On the territory of Balkan, in countries of ex Yugoslavia, it is beyond the doubt a miracle to see film that deals on every day subject of a contemporary life we all are living in. One Croatian film director does that really well. I’m talking about film director and professor of Drama Academy in Zagreb Zrinko Ogresta. He deals with no past civil war; no Balkan politics toward rest of the world, no war crimes, no people trafficking, but ordinary people and ordinary life, on such manner that anyone in world can understand it. Language that he speaks is easy to swallow, to comprehend, and it is definitely no typical Croatian or Balkan film. “Behind the Glass” is a film that deals with eternal subject, a love triangle, which maybe is a theme that sometimes big film festivals do not want, but is the film that everyone will stay foot, right to the end. Most of the films from ex Yugoslavian region that have achieved something on international scene in the last 10-15 years, carry on sub-political messages or heavy subjects such as war crimes, politics, massacre and history. Ogresta’s principle is different. People can have different opinions on the film, but they will recognize a true every day inspiration, a simple temptation –a love triangle.     In “Behind the Glass”, the official competition entry at Karlovy Vary and winning of Audience Award at the Motovun Film Festival, Ogresta concentrates on a love triangle between  Nikola (Leon Lucev), his colleague and mistress Ana (Darija Lorenci) and wife Maja (Jadranka Djokic).
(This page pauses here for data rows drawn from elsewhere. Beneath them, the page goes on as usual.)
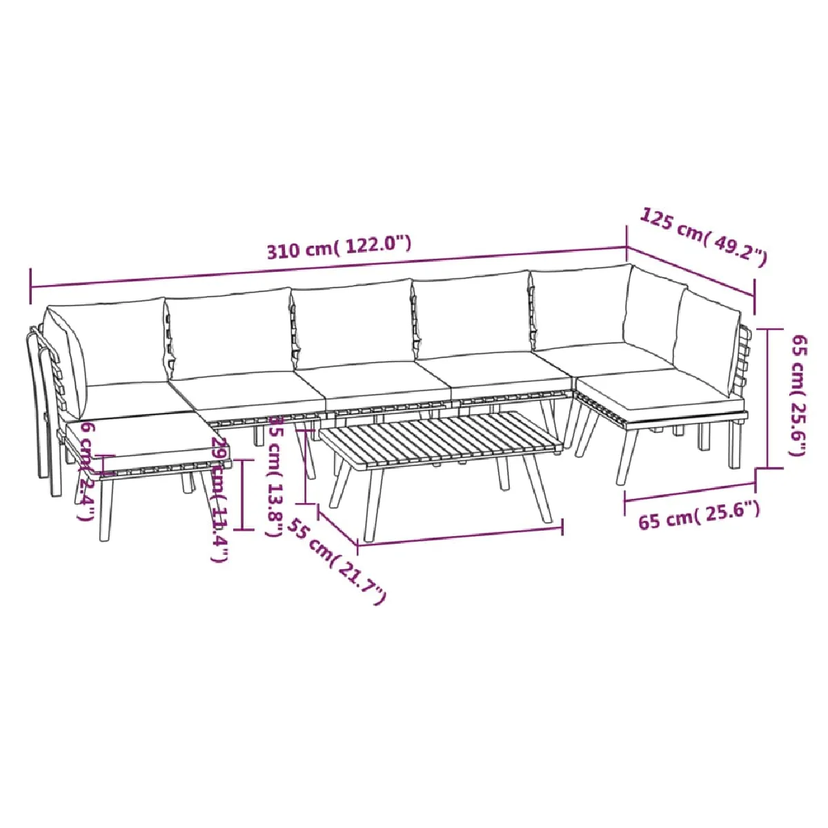 Salon de jardin modulaire - Bois d'acacia massif - Coussins gris foncé et blancs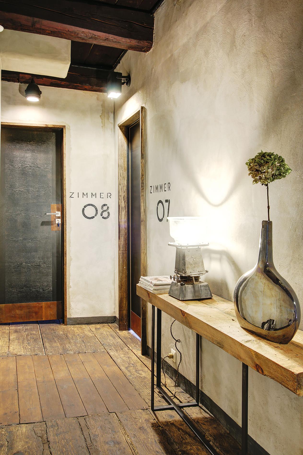 Sienu apdarei izmantotas Edgara Raituma kaļķa krāsas - gan to tehnisko, gan vizuālo īpašību dēļ, kā arī atbalstot vietējo uzņēmēju savstarpējo sadarbību. Rezultāts - telpa ir elpojoša, ar pareizo senlaiku kaļķa un lineļļas smaržu. Vecie logi aizvietoti ar senā parauga koka oderlogiem, neizmantojot stikla paketes, iekšējie slēģi ir oriģinālu kopijas. Trepes ir vecās, bojātais posms aizvietots ar godīgi nemaskētu protēzi. Viesu numuru ārdurvis šeit dzīvo savu otro dzīvi, papildinātas ar rūsinātām metāla plāksnēm augstuma palielināšanai un durvju roktura ierāmēšanai. Vestibila griestu dēļu apšuvums ir jauns - zem tā ievietota skaņas un siltuma izolācija. Centrālapkuri nodrošina granulu katls un veci čuguna radiatori.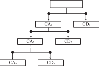 離散小波就是將小波母函數(shù)在時(shí)間尺度和縮放尺度上進(jìn)行二進(jìn)制處理,是一種可變頻率形狀的局部信號處理方法。小波分解過程如圖4所示。

And Nikola fights between his two women.  

 

 

“Behind the Glass “film has no usual calculation or political catch that will allow political propaganda or current political fashion to take advantage in order to open inter-ethnic relationship doors to many festivals.  Ogresta here is interested in individual, in their intimate drama and problems. He believes that a particular problem can be interpreted as universal in a wider social context. Film ends’ ludicrous and has credits that often attributes to a TV-soap feel, and at first might scream as a nouveau riche. But it is not. There is no big deal, no big words, no social past civil war here, just us…Us, living our ordinary life, a story that can happen anywhere in the world.  The film is a social commentary and the statement of time and it concentrates on human suffer, within the context of modern contemporary upper middle class. We are watching the characters from a distance. A backup to this approach are characters themselves and the story really is “a leit-motif - a poisonous algae that has accidentally been released from an aquarium in Monaco and spread throughout the Mediterranean, destroying all other marine vegetation”, said in film by one of characters. Film seems to be very personal, but it does tell universal story of human being, in the situation where anyone cannot change, just a human nature. And yet we can all identify ourselves in it.  Here, we see the film made by the book.    

Behind the Glass is my attempt to face some of my personal dilemmas and failures in life. I allowed myself to make a film that probably personally concerns me the most. I felt that I had a very personal subject matter, not autobiographical, but which corresponded with audiences. It's about a very common problem but it is shaped in a personal way and people can recognize themselves in it. It's in my nature. I am interested with people and I watch them from a distance without going into their relationships directly, almost in a voyeuristic way. That is a part of my character that is transferred to the film...”  

 

 

Considering the subject that follows, this is the kind of film that demands a strong acting and carefully chosen crew. To prove the point, next to Leon Lucev  Ogresta successfully chooses Jadranka Djokic, who subsequently won the Golden Arena for Best Actress at the Pula Film Festival for the part, and on the screen, you can actually see the chemistry between them.    

 

 

 I think that film “Behind the Glass” represents move forward in Croatian production today. The film is invited, because of the production values, on couple of European cinema and between of seven films in competition at this year’s national Pula Film Festival, this film really falls out of the usual standard pattern. The festival prospects here are bright: the film has been invited to Cairo, Rome, Goteburg, Denver and Ghent, which is pretty good and proves the point.